Goal: Prevention of constipation with evacuation of at least 1 soft stool daily.
- Establish the patient’s normal bowel pattern and habits (time of day for normal bowel movement, consistency, color, and amount).
- Explore the patient’s level of understanding and compliance relating to exercise level, mobility, and diet (fluid, fruit, and fiber intake).
- Determine normal or usual use of laxatives, stimulants, or enemas.
- Determine laboratory values, specifically looking at platelet count.
- Conduct a physical assessment of the rectum (or stoma) to rule out impaction.
Record bowel movements daily. Commonly used interventions include the following:
- Encourage patient to increase fluid intake, with a goal of drinking eight 8-ounce (240 mL) glasses of fluid daily unless contraindicated.
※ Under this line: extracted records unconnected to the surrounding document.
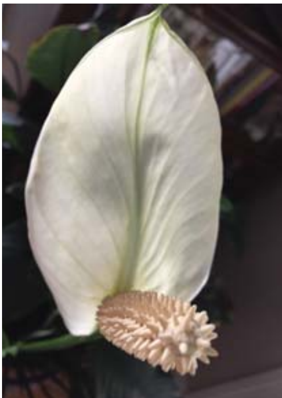
A close up of the Peace Lily.
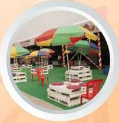
UP Ka Swad (Cuisine and Culinary Arts)
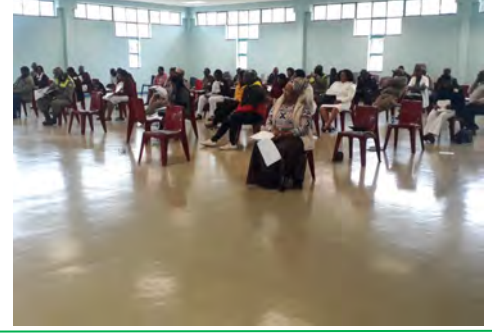
Nquthu JOC Operation 2nd Meeting
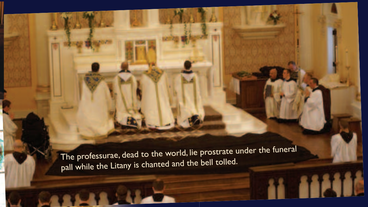
The professurae, dead to the world, lie prostrate under the funeral pall while the Litany is chanted and the bell tolled.
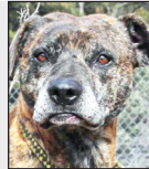
Vinny male 8-1/2-year- old Cur, Mountain mix.
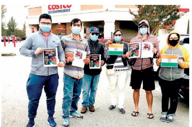
দলিত নিগ্রহের টেডে বিদেশেও। প্রতিবাদ জানাচ্ছেন মেমফিসের সেন্ট জুডস হাসপাতালের ভারতীয় চিকিৎসা-কর্মীরা।

করোনা-আহবের মধ্যে শুরু হয়ে গেছে দুর্গাপূজার প্রস্তুতি। শুরু হয়ে গেছে কেনাকাটা। নিউমার্কেট, গড়িয়াহাট, হাতিবাগান, শ্যামবাজারে পূজো বাজারে তিউ ও বাড়ছে।
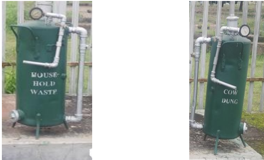
Fig. 1 Anaerobic biodigester used for biogas production

gas agitators with regulating valves and filters, an inlet to feed the reactor and outlet to remove the digested slurry. It has gas outlet to collect the crude methane gas, pressure gauge to measure the pressure within the reactor and a highly resilient adhesive and plastic seals to prevent leakages within the reactor (Fig. 1)
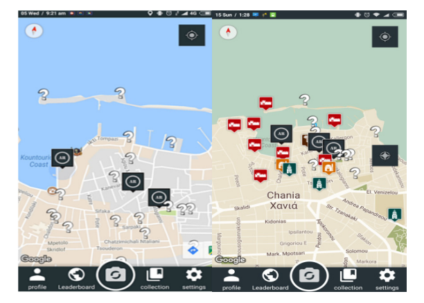
Figure 4: Map view displaying the POIs.

By interacting with a bar at the bottom of the screen, the user navigates the app. These include user profile and preferences, leader-boards and the library while a round button placed in the middle is used to swap between map and camera navigation.

- Encourage regular exercise, including abdominal exercises in bed or moving from bed to chair if the patient is not ambulatory.
- Experts recommend that healthy adults consume 20 to 35 g of fiber per day (average consumption is 11 g). While there are no specific fiber recommendations for cancer patients, they should also be encouraged to eat more high-fiber foods such as fruits (e.g., raisins, prunes, peaches, and apples), vegetables (e.g., squash, broccoli, carrots, and celery), and whole-grain cereals, breads, and bran. Increased fiber intake must be accompanied by increased fluid intake or constipation may result. High-fiber intake is contraindicated in patients at increased risk for bowel obstruction such as those with a history of bowel obstruction or status postcolostomy.
- Provide a warm or hot drink approximately one-half hour before time of patient’s usual defecation.
- Provide privacy and quiet time at the patient’s usual or planned time for defecation.
- Provide toilet or bedside commode and appropriate assistive devices; avoid bedpan use whenever possible.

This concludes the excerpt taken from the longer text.